Almost there now.  The final niggle for me.  Lets just ignore the joke of John Blake really having the name Robin.  When he enters the Bat Cave in this world it is pretty obvious he is not going there to become Robin, he is the new Batman... or at least he should be.  Bruce Wayne is still out there so with the nudge, nudge, wink, wink series of endings they are saying well we could do one more if we wanted.  This trilogy made great pains of creating Batman the symbol.  A symbol greater than one man.  The only way this should have ended was with Blake out on his first trip into the world as Batman... proving that the symbol Wayne created has become more powerful and important than he as one man could be.  It might well have been more poignant if this was after Bruce Wayne really had been killed saving Gotham.  Oh, and at what point are we supposed to believe Bruce Wayne adjusted his will to leave a bag for blake to collect?  Did he bribe everyone after his fake death?  Or did he do it in the thirty seconds he had spare before getting back into Gotham to save the day?

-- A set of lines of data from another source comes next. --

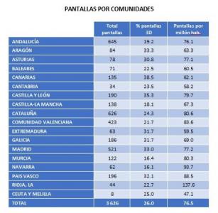 Además, es la comunidad con menor número de pantallas, 34; y la sexta con menor porcentaje de pantallas 3D (23,5%).
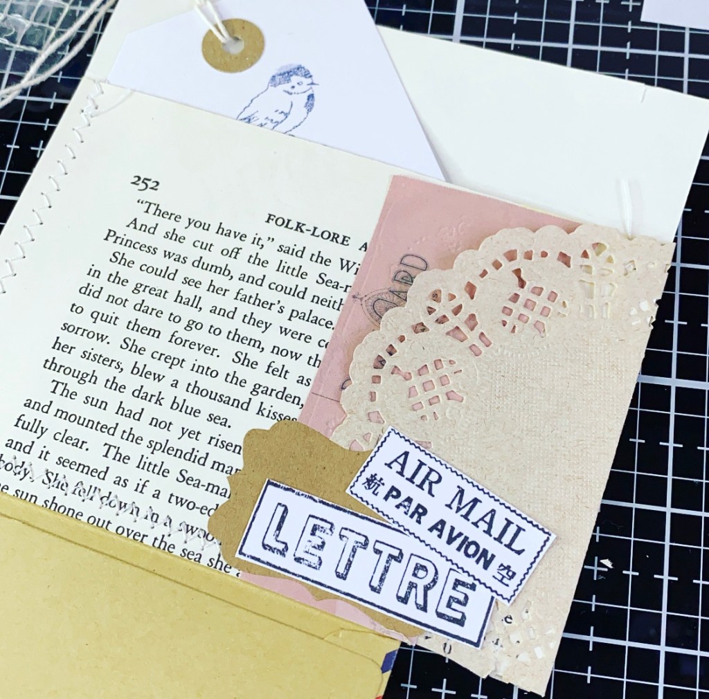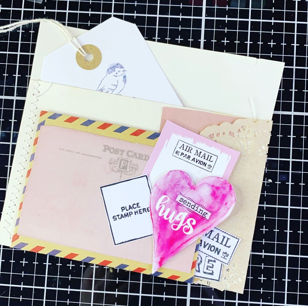 The envelope was upside down from adding the extra pocket so I used the postcard papers to decorate and layered some of the pieces I have cut out.
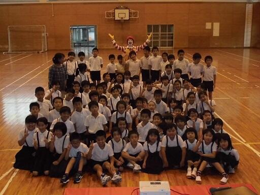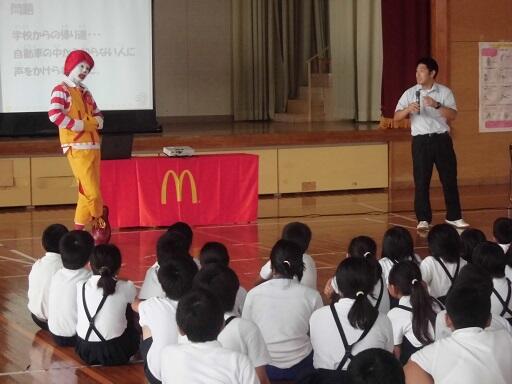 5校時にマクドナルドのキャラクターであるドナルドと職員を迎えての防犯教室がありました。「こんな時どうするの?」というテーマで、不審者役に杉山先生がなり、児童の代表と場面を設定して対応を演技しました。「相手の話に乗らない。」「相手との距離を保つ。」「だめだと思ったら逃げる。」の3つを学びました。友達や職員が演じたことで、子どもたちも身近な場面を想定しながら考えていたようです。もうすぐ夏休みです。「自分の命は自分で守る。」ことを常に考えて行動できるように御家庭でもご指導ください。
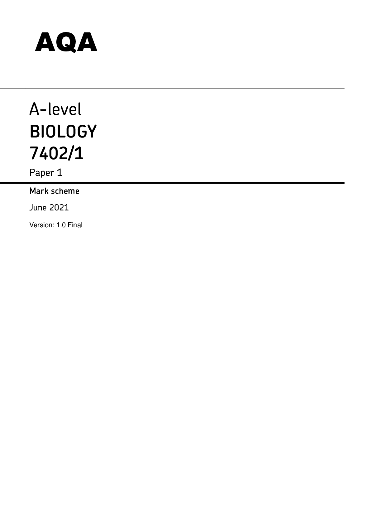 Biology > A/As Level Mark Scheme > AQA A Level Biology 7402/1 Paper 1 Mark Scheme June 2021 Version 1.0 Final (All)
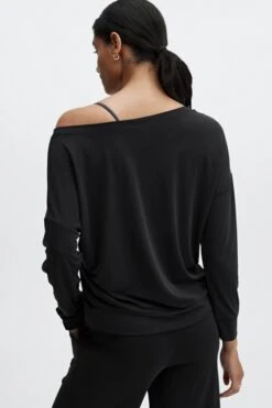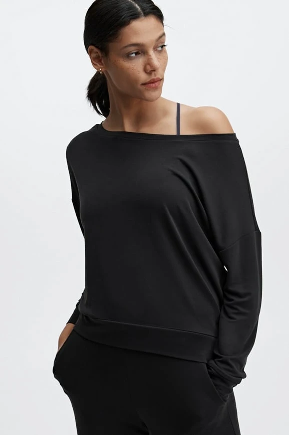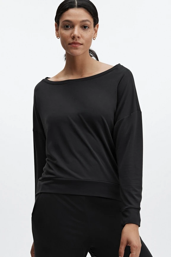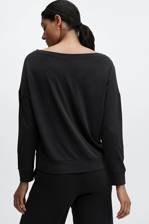 If you’re looking for the perfect layer for pre-and-post workouts, look no further. This pretty pullover will do the trick with its soft terry fabric, relaxed silhouette and stylish boatneck design.
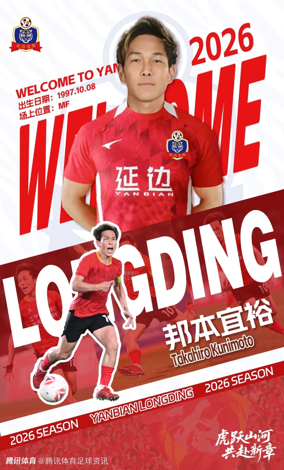 欢迎邦本宜裕加盟延边龙鼎足球俱乐部,相信他的加入将为球队整体实力带来显著提升,并为球队注入冠军基因。美丽延边欢迎你!

So despite all that it isn't a terrible film, it isn't a bad film... but it is just a mediocre film when it should have been an epic film.  It borrows heavily from elements of' 'Knightfall', 'Bane of the Demon' and 'No Mans Land' yet it would probably have done far better to go off further in its own direction as ultimately it will enrage a large number of fans of the comics.   If you can switch off to some of the sillier logic failures and enjoy the action you probably liked it a lot more than I did.  Feel free to tell me if you did.